Ivory Coast Launches Digital Invoicing System to Fight Tax Fraud and Raise Revenue
Wednesday, 23 July 2025 16:42

Ivory Coast has unveiled a new electronic invoicing system aimed at curbing tax evasion and increasing state revenue. Prime Minister Robert Beugré Mambé officially launched the Standardized Electronic Invoice (FNE) on Monday, July 21, 2025, as part of the government’s broader 2024–2028 fiscal reform strategy.

The FNE becomes mandatory starting September 1, with implementation tailored to taxpayers based on their fiscal classification. The reform seeks to boost transparency, lower administrative burdens, facilitate VAT declarations, and enhance business competitiveness.

“The FNE strengthens the ecosystem of tools to fight loss of public revenue while providing a firm response to fraudulent behaviors,” said Prime Minister Mambé, according to an official government release.

He warned that when citizens perceive the tax system as unjust—where some evade payment while others comply fully—it weakens the state's capacity to deliver public services. To address this imbalance, he called for full digitalization of tax processes to ensure fairness and efficiency across the board.

The FNE system represents a cornerstone in the 2024–2028 national strategy, which targets an increase in tax and customs revenues, a broader tax base, and improved debt control. Other measures in the pipeline include reforming corporate taxation, closing the VAT compliance gap, and boosting property tax collection.

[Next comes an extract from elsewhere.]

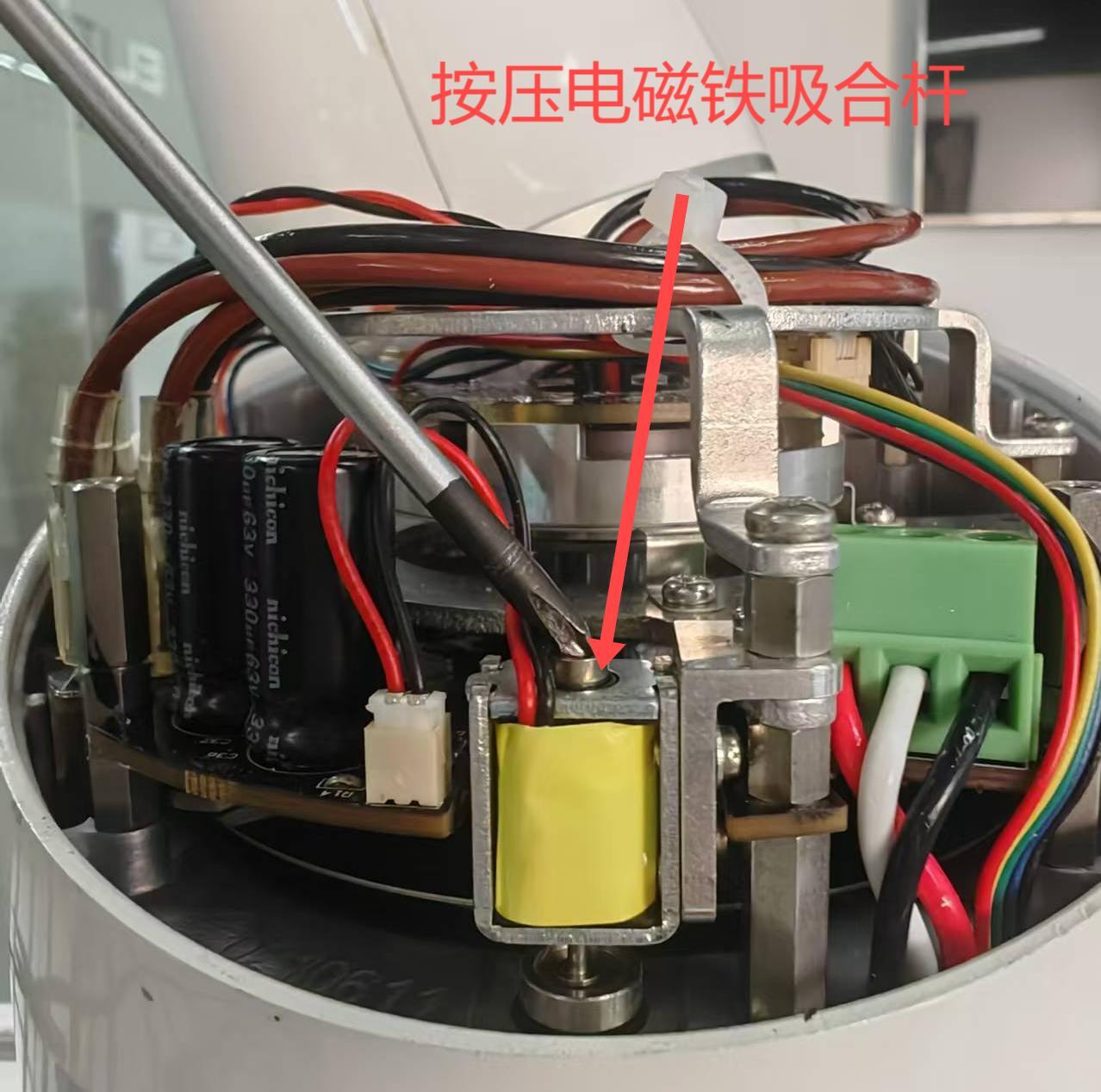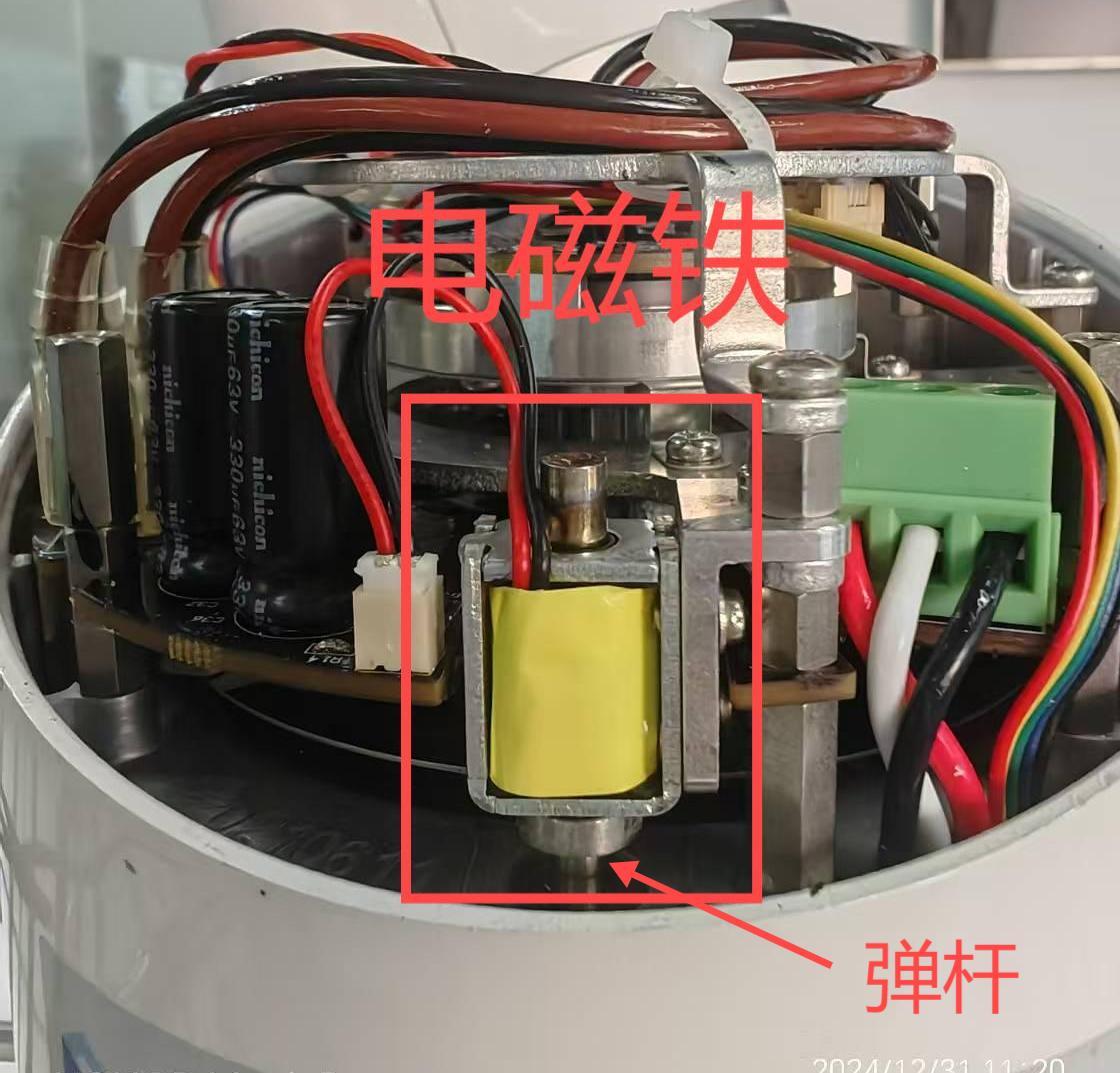 步驟三:檢查電磁鐵抱閘和減速機是否正常。1.關閉電源,將故障關節的端蓋打開,檢查電磁鐵的彈桿是否卡死或者彈桿掉落。

Despite these ongoing efforts, Ivory Coast’s tax pressure remains modest. In 2025, it stands at 15.1% of GDP, with a slight increase projected to 15.8% in 2026—still far from the 20% benchmark set by the West African Economic and Monetary Union (WAEMU).

International observers have noted the country’s fiscal progress. In March 2024, Moody’s upgraded Ivory Coast’s credit rating from Ba3 to Ba2, citing improvements in revenue mobilization, external debt management, and budget discipline.

That progress reflects in early 2025 results. According to a government communiqué issued July 2, the state collected CFA3,707 billion (approximately $6.6 billion) in the first quarter—exceeding the target of CFA3,200.7 billion and achieving a performance rate of 115.8%.

Still, the Prime Minister stressed that the reform’s success depends on broad support. He urged private businesses to take ownership of the system and act as “resolute ambassadors” of the initiative. He also called on citizens and the General Directorate of Taxes to back the effort to make it sustainable.